Car rates

Shortage of vehicles leads to high prices at used car dealerships

“We also bid against Americans who buy our cars and bring them across the border,” says Orillia used car dealership

Amid a nationwide shortage of new and used vehicles, local used car dealerships are facing tough times.

As used vehicle prices climb due to a number of supply chain issues, local dealerships have seen their sales decline significantly over the past six months.

“I found out that our foot traffic is probably down 60% in the last six months. The phone isn’t ringing…I think people are watching their money a little more because of the way the economy is going,” said Dan Freeman, owner of Freeman’s Auto Source. VillageMedia. “I could do 20 cars (a month in) a normal early spring market… We’re down to five now, sometimes four, maybe six – very low averages.”

The price hike is due to a number of factors, local dealers said, including reduced inventory due to increased sales in other provinces and the United States, and a shortage of new cars in the world, which in turn eats into the inventory available to used car dealerships. .

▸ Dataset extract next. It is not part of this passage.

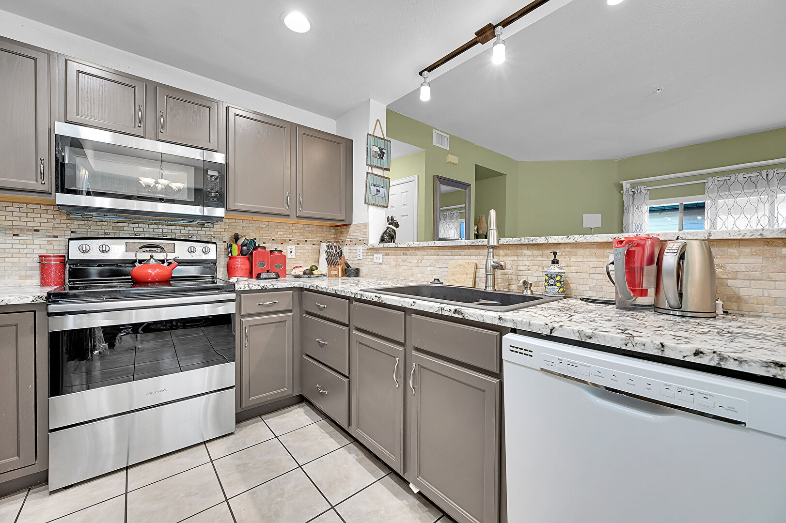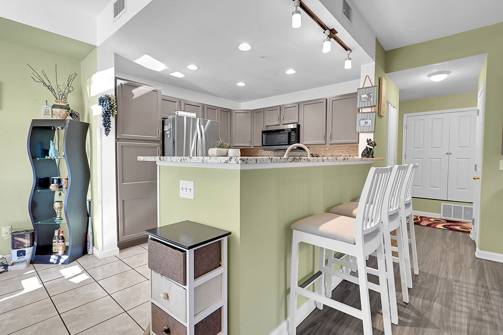 Baseboards Wall, Drywall, Gray Cabinets, Kitchen Bar, Kitchen Peninsula, Natural Light, Notable Chandelier, Pendant Lighting, Recessed Lighting, Shaker Cabinets, Stone Countertops, Tile Floor, Track Lighting, U Shaped Kitchen, Vaulted Ceiling, Vent, Wood Finish Floor, Kitchen Peninsula, Recessed Lighting, Shaker Cabinets, Stone Countertops

“We now also bid against Americans who buy our cars and take them across the border because they have a shortage,” Freeman said. “With 30 cents (advantage) on the dollar, they’re buying a car for a lot less money than we can buy it.”

Roger St. Onge, owner of Auto Choice Sales, added that auctions in other provinces have recently surpassed sales in the United States.

“Over the past six months, we’ve noticed that it’s not the United States, it’s out of province,” he said. “Ontario is the largest province; we have the most cars, so now we see Quebec, Saskatchewan, Alberta, Winnipeg… It’s all the Canadian provinces that are buying these cars now.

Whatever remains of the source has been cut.